The Twelve Factors

I. Codebase

One codebase per app and its many deploys (running instances).
Versioned (repo); Dev, Test, Staging, Prod, ... all share a root commit.

II. Dependencies

Explicitly declare and isolate dependencies per dependency declaration manifest;
dependencies scoped per app (vendoring/bundling), not system-wide pkgs.
Any required system (bash) tools (e.g., curl) are vendored into the app.

III. Config

Store (per deploy) configuration @ Env. Vars. (env);
mutually orthogonal, language/OS agnostic.

IV. Backing services

Loose coupling; treat backing services as attached resources;
swappable sans app code change, only config change;
accessed per URL or other locator/credentials stored in the config;
app makes no distinction between local and third party services

V. Stages: Build, Release, Run

Strict separation between build and release stages.

VI. Processes

Execute the app as one or more stateless processes;
each process is stateless and shares nothing.
Stateful backing service(es) handle persistence.
Process may utilize single-transaction cache.
No sticky sessions; use time-expiration datastore (Memcached/Redis).
Package assets during the build stage.

VII. Port binding

Export services via port binding

App is completely self-contained; no runtime injection of a webserver;
exports HTTP as a service by binding to a port,
and listening to requests coming in on that port;
one app can become the backing service for another app,
whereof the backing app URL is declared in the config of consuming app.

VIII. Concurrency

Scale out via the Unix process model (service daemons)
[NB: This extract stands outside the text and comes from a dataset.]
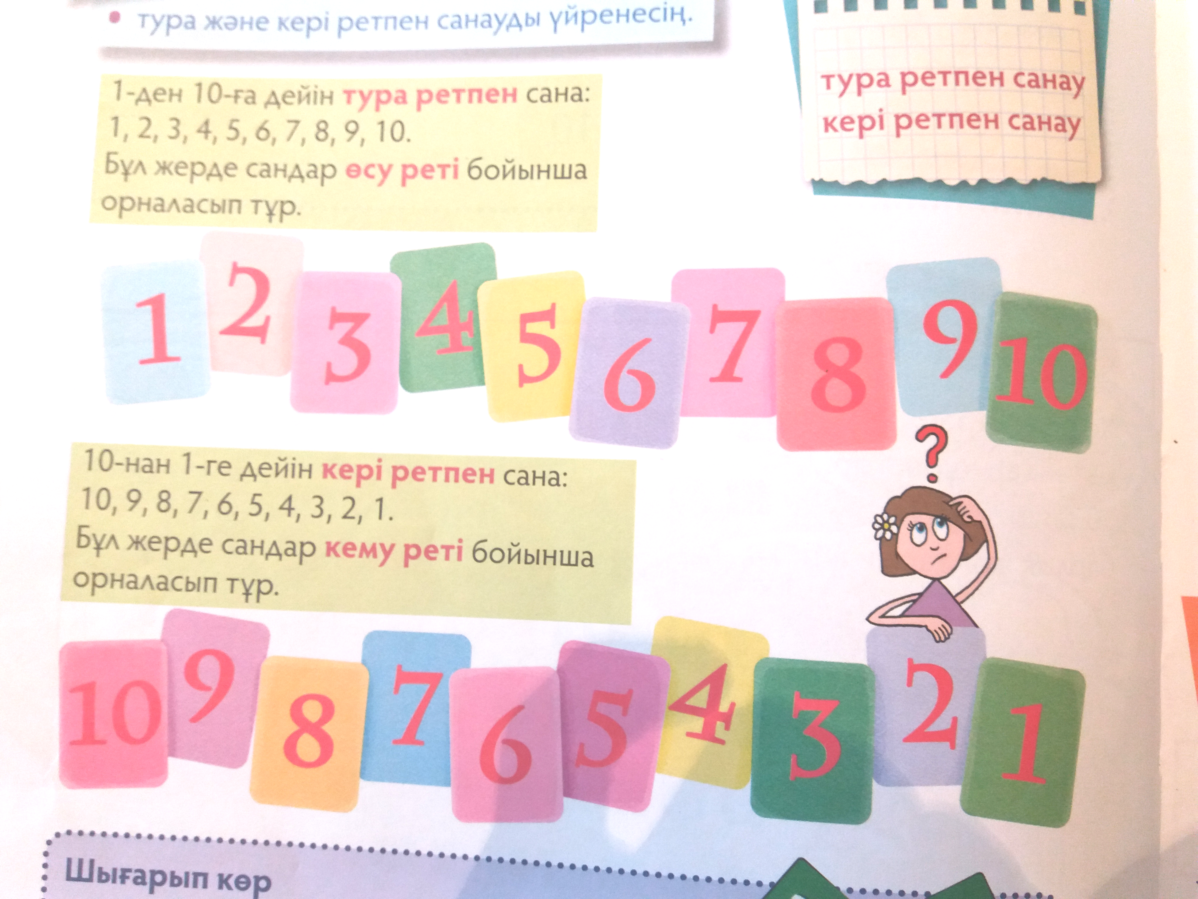 -10 көлемінде тура және кері бағытта санайды -Сандардың натурал сандар қатарындағы орнын анықтайды |
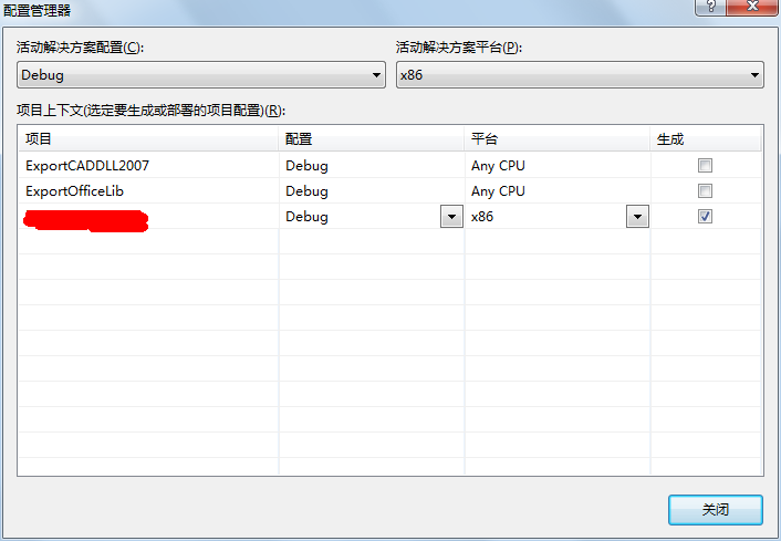 在VS主菜单上选择“生成”——“配置管理器”,设置生成平台为x86(如果没有就新建一个),如下图所示:

The share-nothing, horizontally partitionable nature of twelve-factor app processes
means that adding more concurrency is a simple and reliable operation.

IX. Disposability

Maximize robustness with fast startup and graceful shutdown;
easier to move processes to new physical machines when warranted.

Processes shut down gracefully when they receive a SIGTERM signal from the process manager.

Processes should also be robust against sudden death, in the case of a failure in the underlying hardware.
A recommended approach is use of a robust queueing backend;
return jobs to the queue when clients disconnect or time out.

X. Dev/Prod Parity

Keep development, staging, and production as similar as possible.
Design for Continuous Deployment.

XI. Logs

Treat logs as event streams

Logs provide visibility into the behavior of a running app; the stream of aggregated,
time-ordered events collected from the output streams of all running processes and backing services;
flow continuously as long as the app is operating.

Each running process writes its event stream, unbuffered, to stdout.

XII. Admin processes

Run admin/management tasks as one-off processes

Languages which provide a REPL shell out of the box make this easy.